Since then, the Border Force Act came into being, with bipartisan support, further extending secrecy surrounding the immigration detention system. Staff reporting abuses in Nauru have been persecuted; and there have been a number of tragedies including self-immolations and the deaths of Hamid Kehazaei and others, in offshore detention due to poor medical care.

Australia’s policies have been condemned by the United Nations; multiple international humanitarian organisations; and the PNG court has found the detention of asylum seekers in Manus Island is illegal.

Men, women and children continue to be forced to suffer enforced misery to drain them of hope, and as a warning to others.

This is not an Australia of which we can be proud of:

We cannot support policies that defy international law.

We cannot support Governments that attack the institutions of civil society; Governments that enact laws that keep us in the dark and seek to silence dissent.

If we are to be free – we cannot continue to arbitrarily imprison and punish asylum seekers who have come to us seeking their own freedom.

Dr Peter Young is a Consultant Psychiatrist with experience of 20 years working in NSW Health.
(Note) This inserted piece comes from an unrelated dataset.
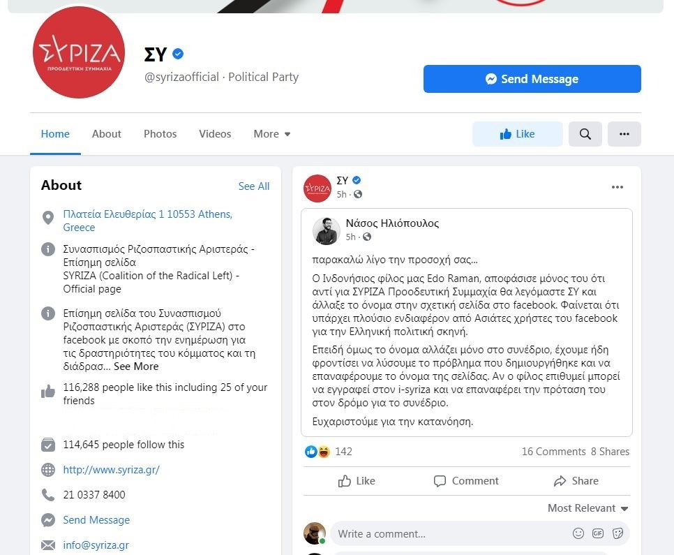 Στο «στόχαστρο» χάκερ από την Ινδονησία μπήκε η επίσημη σελίδα του ΣΥΡΙΖΑ-Προοδευτική Συμμαχία στο Facebook, με αποτέλεσμα τις τελευταίες ώρες, το όνομα της σελίδας του κόμματος της αξιωματικής αντιπολίτευσης στο δημοφιλές social media να έχει αλλάξει σε σκέτο «ΣΥ».

He took on the role responsible for oversight of mental health services to people in Australian and offshore detention centres. He held this position for three years from 2011 to 2014. Dr Young has given evidence to the Australian Human Rights Commission enquiry into children in detention and other public enquiries regarding mental health harms caused by detention.  

This speech was given at the Sydney Town Hall on 22 June 2016 for the Asylum Seekers Centre public meeting for Refugee Week 2016.